Wednesday, March 22, 2017

If Notice of the Board Meeting is not served to a director , then it tantamount to oppression of the minority director at the hands of majority director – Says NCLT Delhi Bench.

If Notice of the Board Meeting is not served to a director , then it tantamount to oppression of the minority director at the hands of majority directors  Says NCLT Delhi Bench.

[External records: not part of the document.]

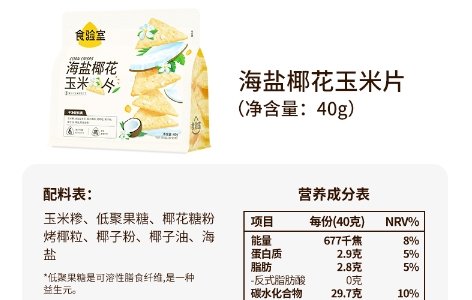 商品名称:食验室 厚厚奶酪玉米片 立袋装 海盐椰花 40g*4包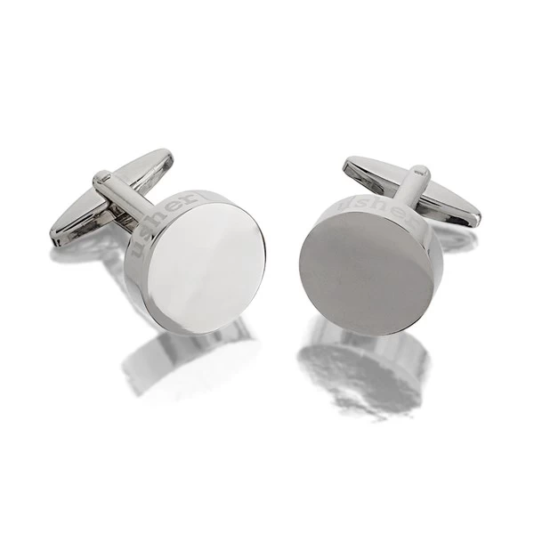 Understated plain round cufflinks measuring 17mm wide. The word ‘usher’ is etched on each cufflink along the 5mm thick edge.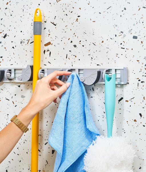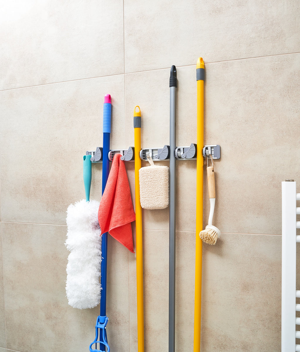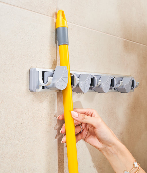 Ideal pentru organizarea uneltelor cu coadă și a altor produse de uz casnic care pot fi agățate. Acest suport transformă peretele într-un colț de depozitare practic și elegant. Mopurile, măturile și toate accesoriile de curățenie au locul lor. Iar tu scapi de dezordinea de pe podea. Totul rămâne organizat, la îndemână și pregătit de folosit.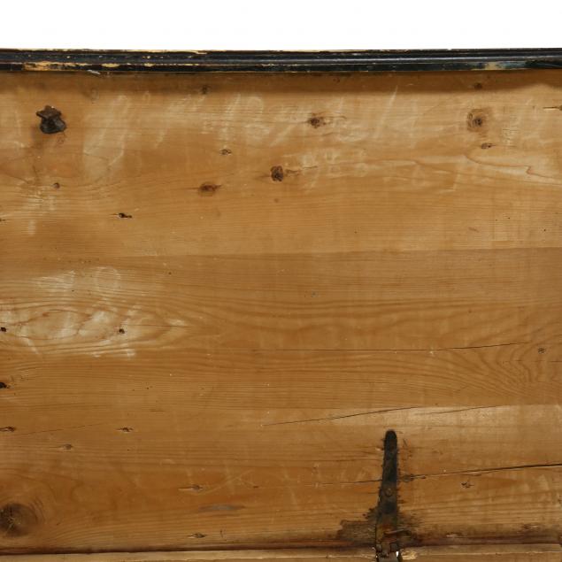 19th century, pine, with original painted decoration, paneled top with floral sprays, sides with bail handles, front with applied half-turned columns, with repeating painted floral sprays, monograms, dated 1840, on flush base.

In the matter of Mr.Daya Kishan & Ors v. Mr Dinesh International Ltd & Ors - NCLT - New Delhi- Bench III

Delhi Bench of NCLT ordered that Petitioner suffered oppression at the hands the Respondents for non-compliance of statutory requirements.
Facts of the Case:
It was alleged by the Petitioner that there was an abuse of Section 286 of the Companies Act, 1956 and Articles of Association (‘AOA’) of the Company on the footing of non-receipts of notice of Board Meetings which resulted in the  oppression  of the minority director and subsequently decision was in the EoGM to increase the share capital through allotment of shares which lead to the lessening of Petitioner’s percentage of equity shareholding of the company for which no advance notice was not served on the Petitioner.

 NCLT pronounced  that though Respondent Company was a closely held company consisting of family members however even as a matter of practice, company should have given at least oral information regarding convening of the Board Meeting when a association is at its low ebb. In such scenario, parties should confirm adherence not only according to the Company law but also in harmony with the AOA.
DECISION OF THE NCLT
NCLT accepted the Petitioner’s plea that no board meeting was really convened and the minutes recorded/ resolution passed were subsequently fictitious. NCLT held that transfer of assets of a corporate body to another group entity was wholly unfounded and mysterious even if there was partnership account of both parties.
NCLT further observed that  that the transfer of the Company’s documents and records from its registered office was not only against the legal obligation but also was kept out of Petitioner’s access thus holds that Respondent was clearly divesting the Petitioner of his privilege as a Director in the Company thereby tumbling it to a “zero”. Therefore, NCLT , Delhi Bench cancelled the resolutions passed / decision taken in the Board Meetings and EoGM.